§ **Task to carry out**
Find the line that contains "Продается 2-комнатная квартира" in the entries below. Restate it and every line after it, word for word, with no pictures.
[[ Data excerpts open ]]
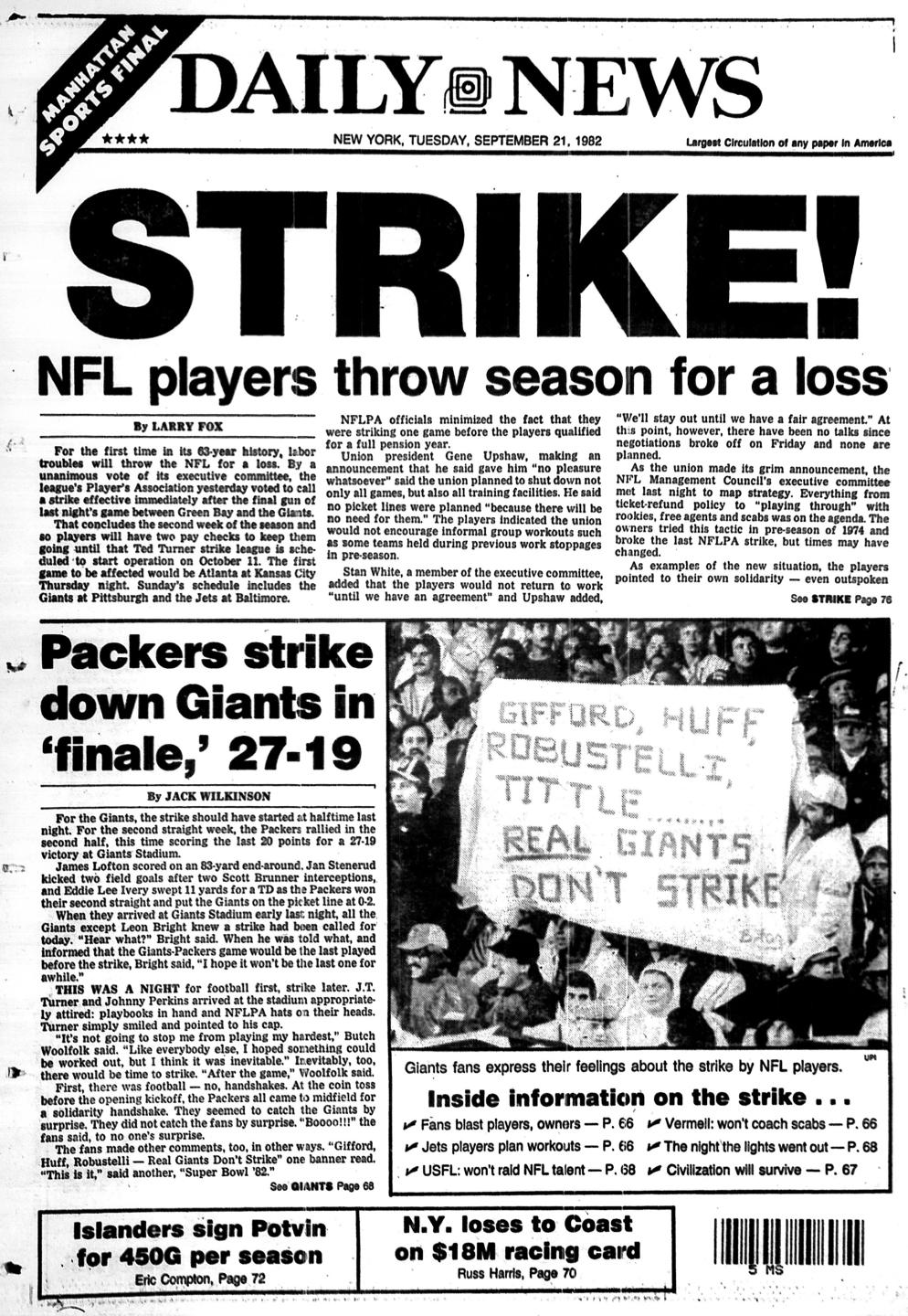 As negociação seguiram e a temporada começou. Duas semanas de jogos e nenhum acordo firmado. Assim, à meia-noite do dia 20 de setembro de 1982, após o Monday Night entre New York Giants e Green Bay Packers, a greve começou.
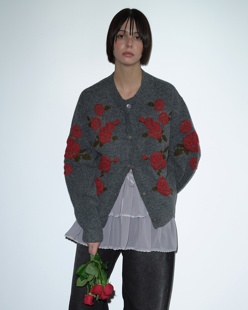 ROSE JACQUARD CARDIGAN (GREY)
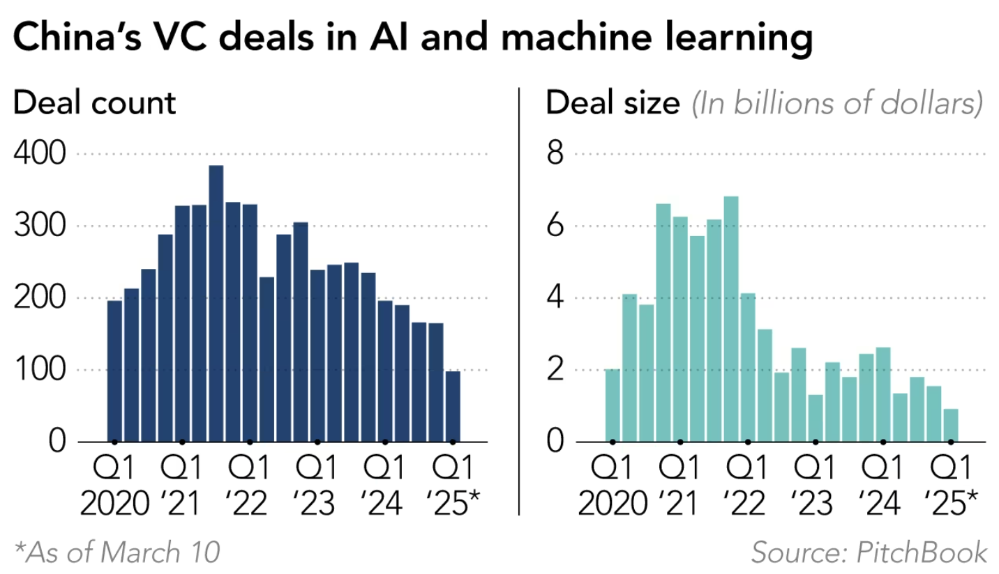 DeepSeek의 등장으로 AI 산업이 주목받았음에도 불구하고, VC 투자 심리는 여전히 위축된 상태다. PitchBook의 벤처캐피털 연구 책임자인 카일 스탠포드는 "DeepSeek이 등장했다고 해서 AI 투자 트렌드가 당장 바뀌지는 않는다"며 "중국 VC 시장 자체가 여전히 위축되어 있으며, AI 투자 금액도 2021년 최고점의 절반 이하"라고 분석했다.
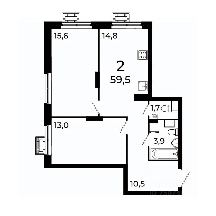 Продается 2-комнатная квартира площадью 59,5 кв.м на 9 этаже 19 этажного дома 3 в ЖК Сормово Парк.
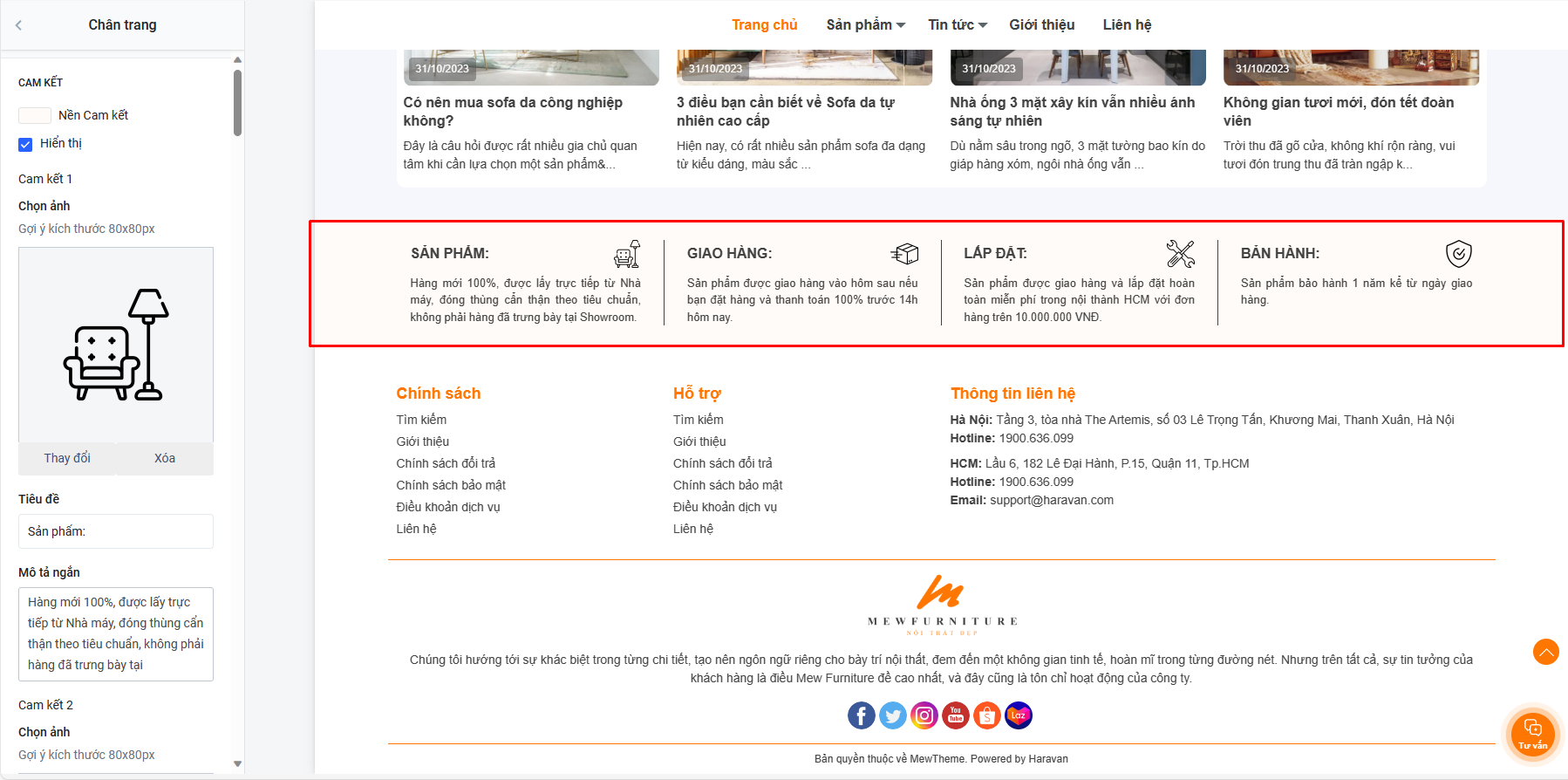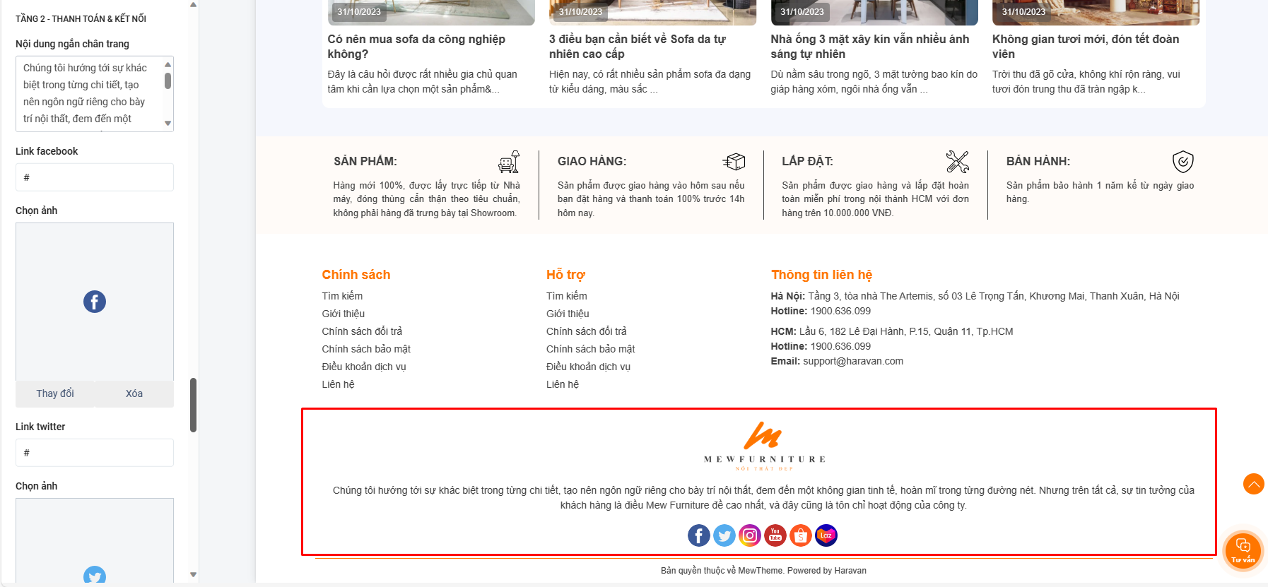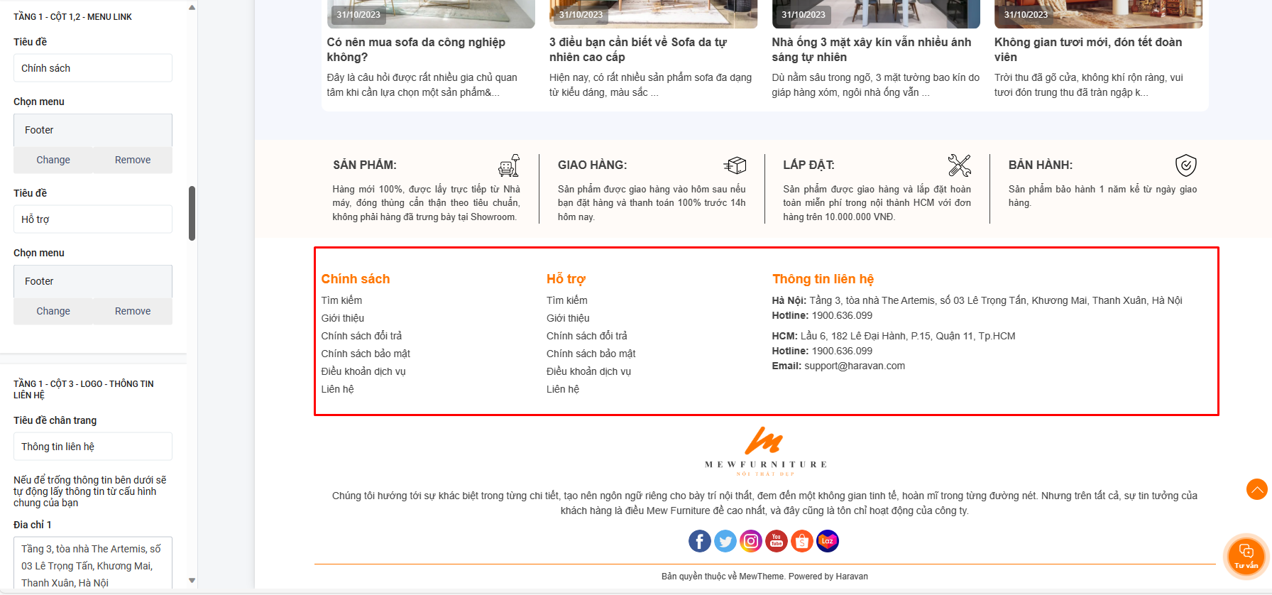 Quản lý và thiết lập các mục liên quan đến phần chân trang
[[ Data excerpts closed ]]
§ **Finished task**
 Продается 2-комнатная квартира площадью 59,5 кв.м на 9 этаже 19 этажного дома 3 в ЖК Сормово Парк.
 Quản lý và thiết lập các mục liên quan đến phần chân trang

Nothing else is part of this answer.